Last week, I had my second colonoscopy in about three years.
Colonoscopies are recommended starting at age 50 for the majority of people, but this can occur at earlier ages if there are gastrointestinal problems or a personal or family history that would suggest the need for the test.
I personally find the colonoscopy to be a pretty antiquated procedure. With all the medical technology that we have these days, still the only way to conduct this test is to liquify your shit, and then have a camera stuck up your ass. Yes, this is a shitty subject, I know.
And having to have a test that is normally recommended for people two and a half times my age makes me feel rather…well…abnormal…and old. For me, it seems that this test, along with so many others – which most people can avoid for most of their lives and have only occasionally – has become “normal maintenance” for me.

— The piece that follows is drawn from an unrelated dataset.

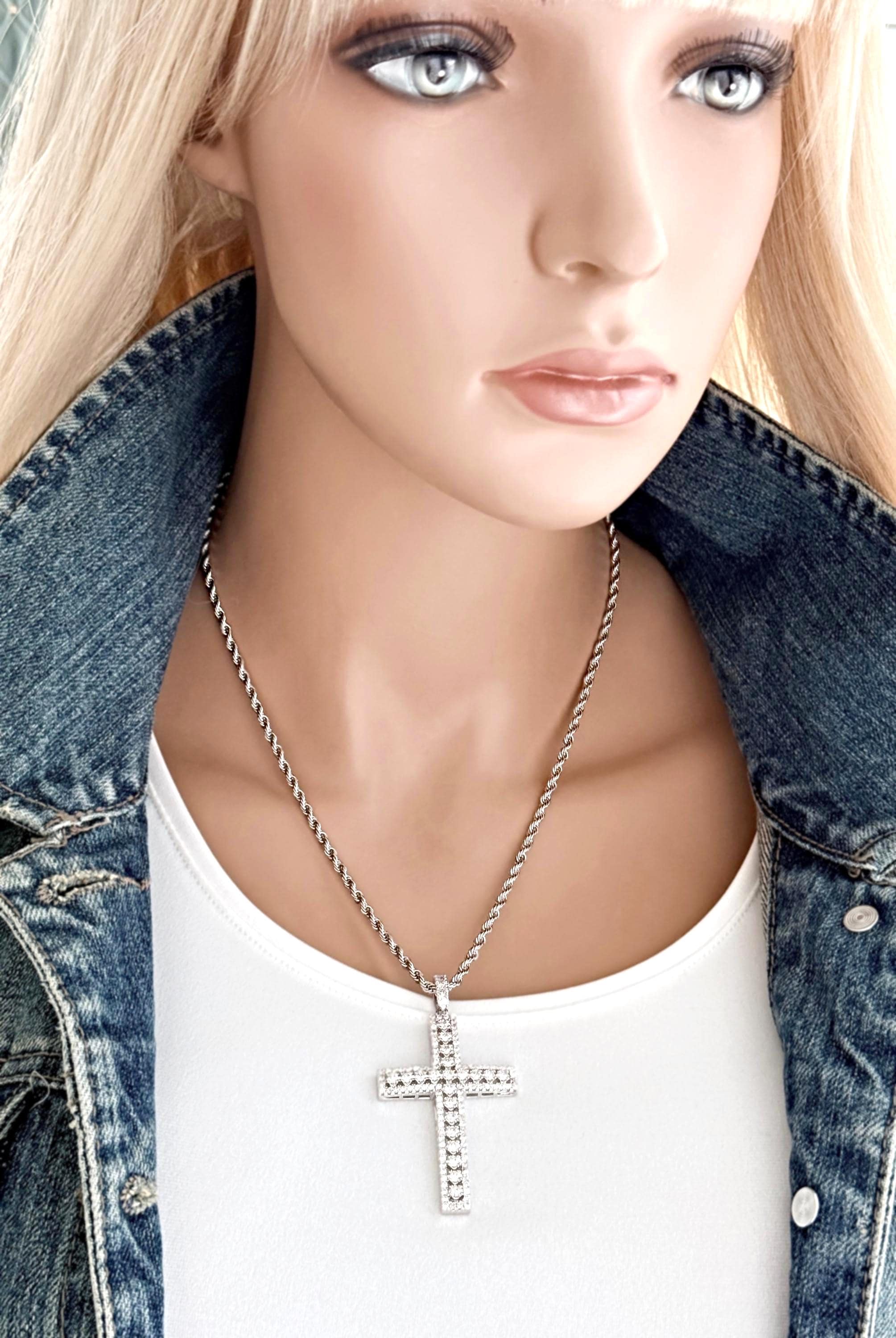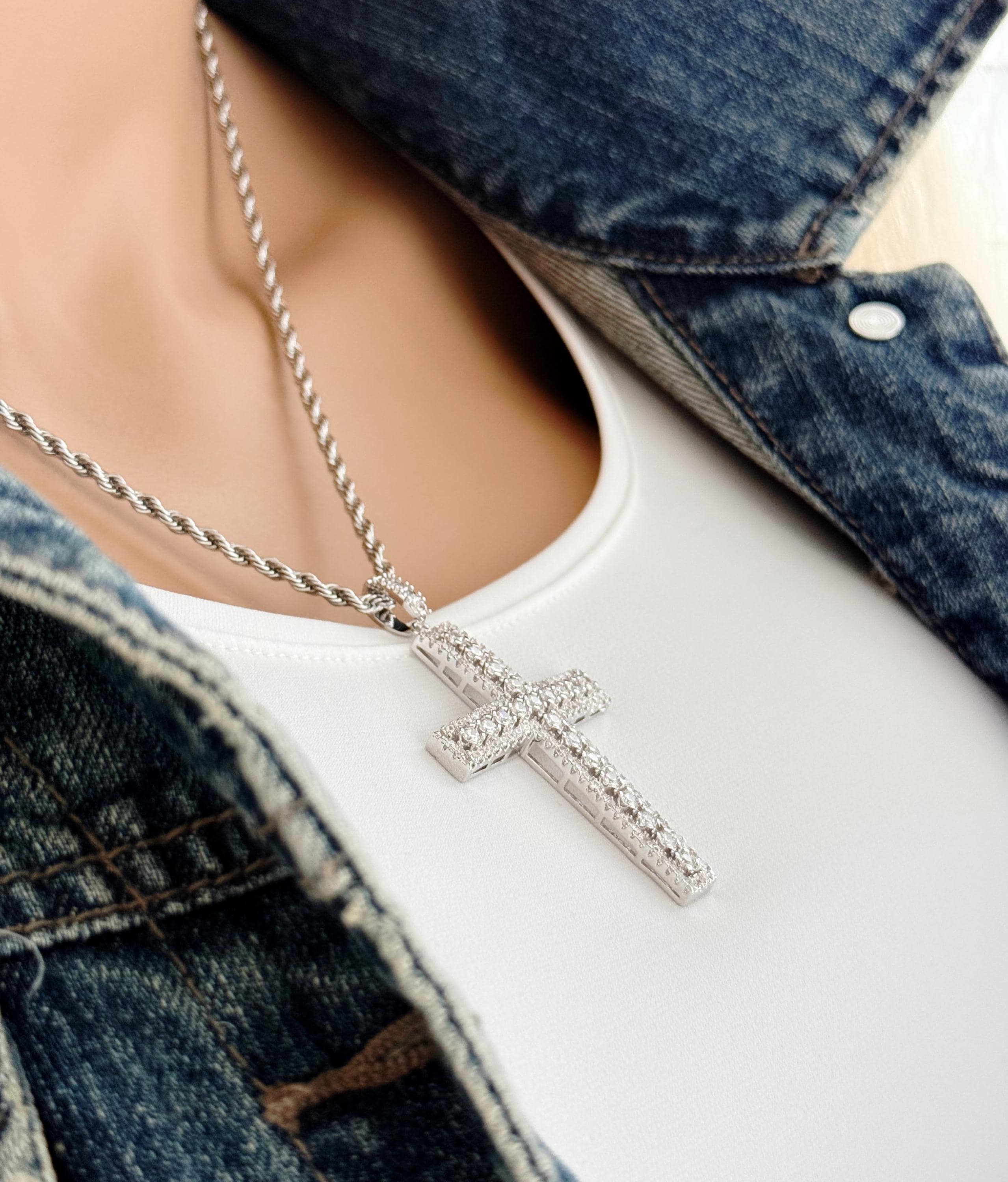 ♥ - This eye catching cross features a fully iced zircon finish, set in a silver plated copper pendant that captures the look of luxury sparkle without the fine jewelry price. Designed to stand out, this piece brings a strong, radiant presence whether worn alone or layered.

I can’t tell you how many times I’ve been told that I’m too young for this, for having lupus and rheumatoid arthritis, for needing colonoscopies, the whole bit. And the response that I give in my head is that I’m clearly not too young since it’s happening to me.
One of the biggest misconceptions of arthritis in general, and rheumatoid arthritis in particular, is that it is a disease of old people. That was my thinking until I got diagnosed with the disease. But this is absolutely not true. Rheumatoid arthritis, while most common during middle age, can occur at any age.
On the other hand, osteoarthritis is a disease that is primarily related to age, sometimes occurring before age 55, but mostly occurring after that age. It is thought that after the age of 70, most people have some signs and symptoms of osteoarthritis.
It is sort of hard to argue with the age argument, especially when there are some days where I literally feel like what I imagine it feels like to be 80 years old. But the bottom line is that this line of thinking has been pervasive, and has come to embody the mythology around this disease.
I’ve gotten used to being the youngest in the waiting room at all of my specialist appointments. I’ve even gotten used to the looks from hospital workers and personnel, when I tell them my age and diagnoses.
I’ve also gotten used to them using the pediatric blood pressure cuff, the pediatric scope from my colonoscopy (sorry if that’s TMI), getting a pediatric nurse to draw blood and insert IVs, and getting prescribed the pediatric doses of my medications. This is an interesting contrast to feeling like I have a disease of old people when I have to fight to be treated my age.
While age is just a number, it certainly impacts the way people are treated within the medical realm. And that’s the other thing that makes me feel old. From a sociological perspective, I’m a drain on scarce resources, especially when compared to my healthy counterparts. And it makes me wonder what the future will hold, and how much more resources I will need as I age, and deal with the normal declines that tend to come with getting older.
One scary thing about changes in healthcare is the oft discussed idea of letting old people die and rationing scarce resources for the younger age cohorts. Older people tend to need a disproportionate amount of resources, especially near the end of life (see Fries 2005 ).
So for those of us who are young and chronically ill – even though we might have diseases considered common in “old people” – we are going to be using medical resources for an extended period of time, meaning that our medical care will more closely approximate that of older adults as opposed to people our own age.